Assignment:
Beginning with the line containing "Мойка кухонная FABIA" and ending with the line containing "Disney Minnie Mouse", write out each line of the records below exactly; pictures and lines outside that range are left out.
○ ○ ○ ○ ○
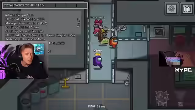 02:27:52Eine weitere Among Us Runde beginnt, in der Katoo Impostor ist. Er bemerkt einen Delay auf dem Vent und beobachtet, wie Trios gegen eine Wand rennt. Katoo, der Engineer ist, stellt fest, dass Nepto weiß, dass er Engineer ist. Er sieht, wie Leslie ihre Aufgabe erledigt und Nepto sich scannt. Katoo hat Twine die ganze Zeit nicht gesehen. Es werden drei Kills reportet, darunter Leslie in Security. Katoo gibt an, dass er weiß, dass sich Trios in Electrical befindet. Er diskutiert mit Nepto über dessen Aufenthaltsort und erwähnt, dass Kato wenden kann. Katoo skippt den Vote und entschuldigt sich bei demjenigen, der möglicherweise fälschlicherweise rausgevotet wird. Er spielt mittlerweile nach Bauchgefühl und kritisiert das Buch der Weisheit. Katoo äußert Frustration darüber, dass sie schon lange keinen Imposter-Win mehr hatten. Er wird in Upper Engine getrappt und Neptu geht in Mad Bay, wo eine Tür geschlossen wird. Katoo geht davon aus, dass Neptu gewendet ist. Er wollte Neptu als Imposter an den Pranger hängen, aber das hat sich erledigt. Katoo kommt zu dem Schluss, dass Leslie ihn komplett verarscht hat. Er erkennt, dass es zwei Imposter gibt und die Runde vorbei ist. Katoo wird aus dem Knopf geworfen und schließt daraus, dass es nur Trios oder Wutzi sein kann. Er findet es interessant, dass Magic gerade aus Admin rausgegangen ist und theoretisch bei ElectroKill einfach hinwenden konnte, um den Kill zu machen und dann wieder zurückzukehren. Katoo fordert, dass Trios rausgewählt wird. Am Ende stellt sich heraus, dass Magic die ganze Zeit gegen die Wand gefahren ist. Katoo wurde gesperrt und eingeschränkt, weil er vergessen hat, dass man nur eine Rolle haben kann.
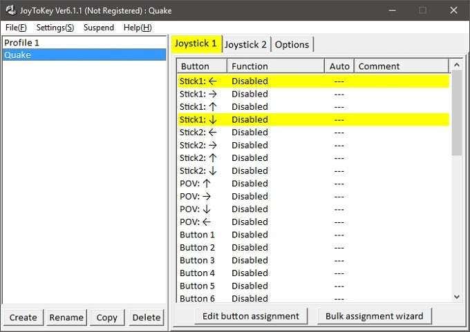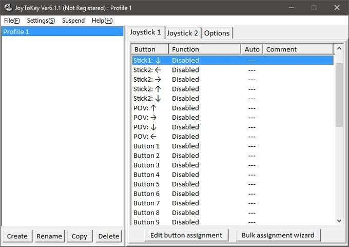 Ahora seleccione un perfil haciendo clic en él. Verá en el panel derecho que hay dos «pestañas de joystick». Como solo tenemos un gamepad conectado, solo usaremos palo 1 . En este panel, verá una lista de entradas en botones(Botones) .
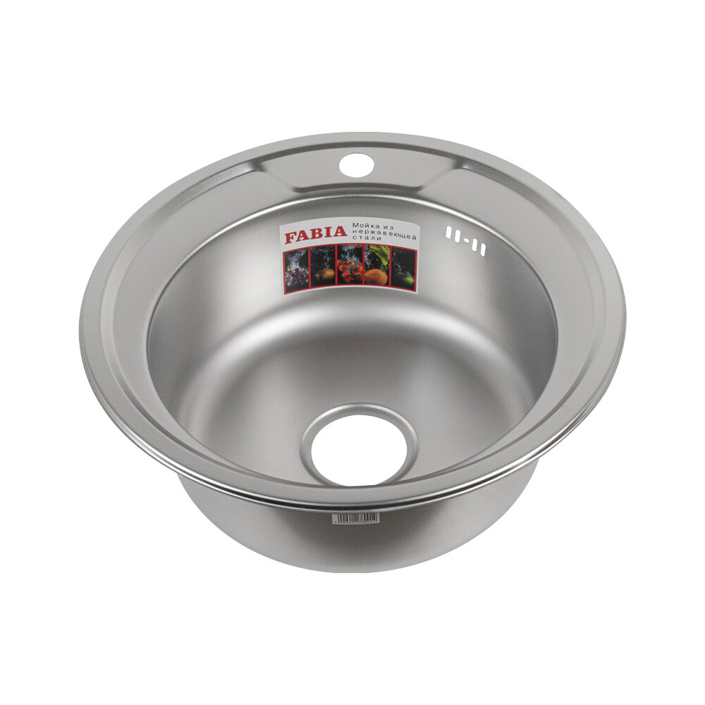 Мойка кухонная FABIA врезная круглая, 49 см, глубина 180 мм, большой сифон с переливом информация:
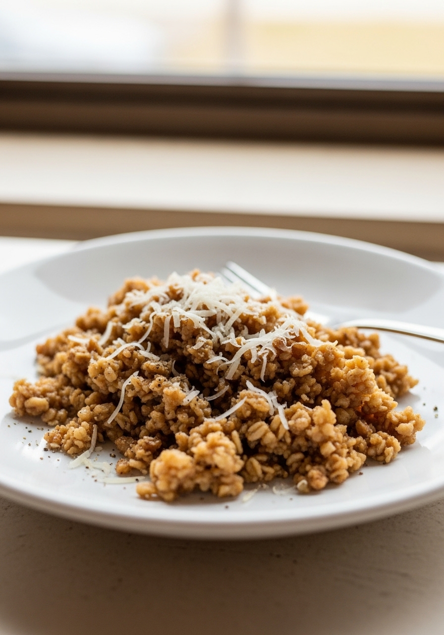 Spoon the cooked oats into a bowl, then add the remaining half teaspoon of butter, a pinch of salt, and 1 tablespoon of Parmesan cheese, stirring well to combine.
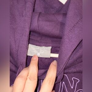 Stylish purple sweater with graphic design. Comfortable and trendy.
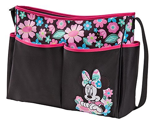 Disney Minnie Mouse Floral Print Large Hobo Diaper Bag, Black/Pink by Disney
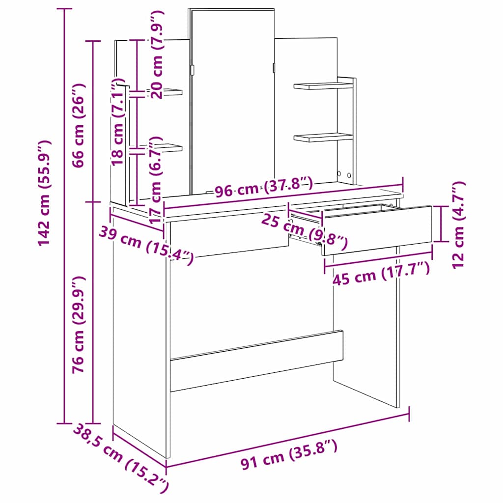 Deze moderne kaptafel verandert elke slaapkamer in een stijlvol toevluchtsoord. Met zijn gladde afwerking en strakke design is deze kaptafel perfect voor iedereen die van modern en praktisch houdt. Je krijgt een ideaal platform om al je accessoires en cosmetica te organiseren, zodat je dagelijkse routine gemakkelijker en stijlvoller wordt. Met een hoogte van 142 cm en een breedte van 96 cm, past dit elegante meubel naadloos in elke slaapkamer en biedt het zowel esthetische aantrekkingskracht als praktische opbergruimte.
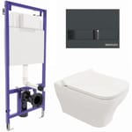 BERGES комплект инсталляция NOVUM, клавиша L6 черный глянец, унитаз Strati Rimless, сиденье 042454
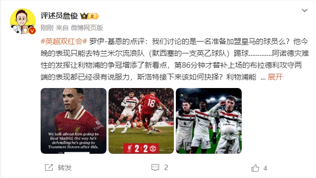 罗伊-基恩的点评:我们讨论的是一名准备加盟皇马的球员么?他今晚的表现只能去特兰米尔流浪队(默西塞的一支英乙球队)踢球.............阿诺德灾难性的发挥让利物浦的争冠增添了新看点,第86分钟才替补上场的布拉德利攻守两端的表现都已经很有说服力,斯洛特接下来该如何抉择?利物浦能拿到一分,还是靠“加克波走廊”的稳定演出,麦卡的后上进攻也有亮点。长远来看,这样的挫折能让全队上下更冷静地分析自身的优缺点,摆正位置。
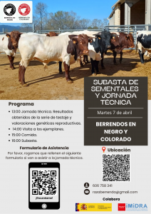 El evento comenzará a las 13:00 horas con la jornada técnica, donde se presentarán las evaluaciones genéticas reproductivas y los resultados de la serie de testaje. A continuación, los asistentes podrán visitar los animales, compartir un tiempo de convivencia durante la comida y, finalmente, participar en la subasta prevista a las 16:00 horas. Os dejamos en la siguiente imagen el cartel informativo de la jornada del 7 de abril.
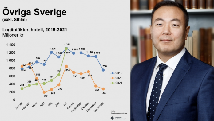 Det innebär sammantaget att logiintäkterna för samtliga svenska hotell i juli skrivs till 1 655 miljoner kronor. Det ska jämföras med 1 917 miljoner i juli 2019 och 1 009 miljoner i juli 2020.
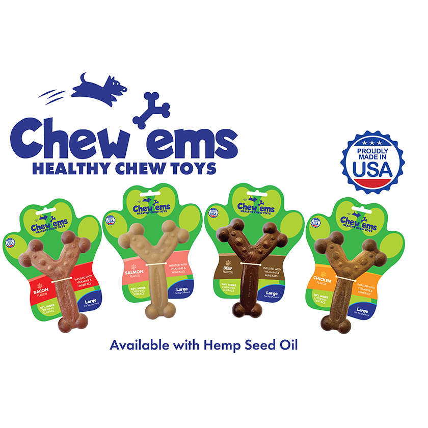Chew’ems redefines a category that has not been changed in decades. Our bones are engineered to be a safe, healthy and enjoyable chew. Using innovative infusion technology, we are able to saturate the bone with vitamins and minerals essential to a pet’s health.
○ ○ ○ ○ ○
Solution below:
 Мойка кухонная FABIA врезная круглая, 49 см, глубина 180 мм, большой сифон с переливом информация:
 Spoon the cooked oats into a bowl, then add the remaining half teaspoon of butter, a pinch of salt, and 1 tablespoon of Parmesan cheese, stirring well to combine.
 Stylish purple sweater with graphic design. Comfortable and trendy.
 Disney Minnie Mouse Floral Print Large Hobo Diaper Bag, Black/Pink by Disney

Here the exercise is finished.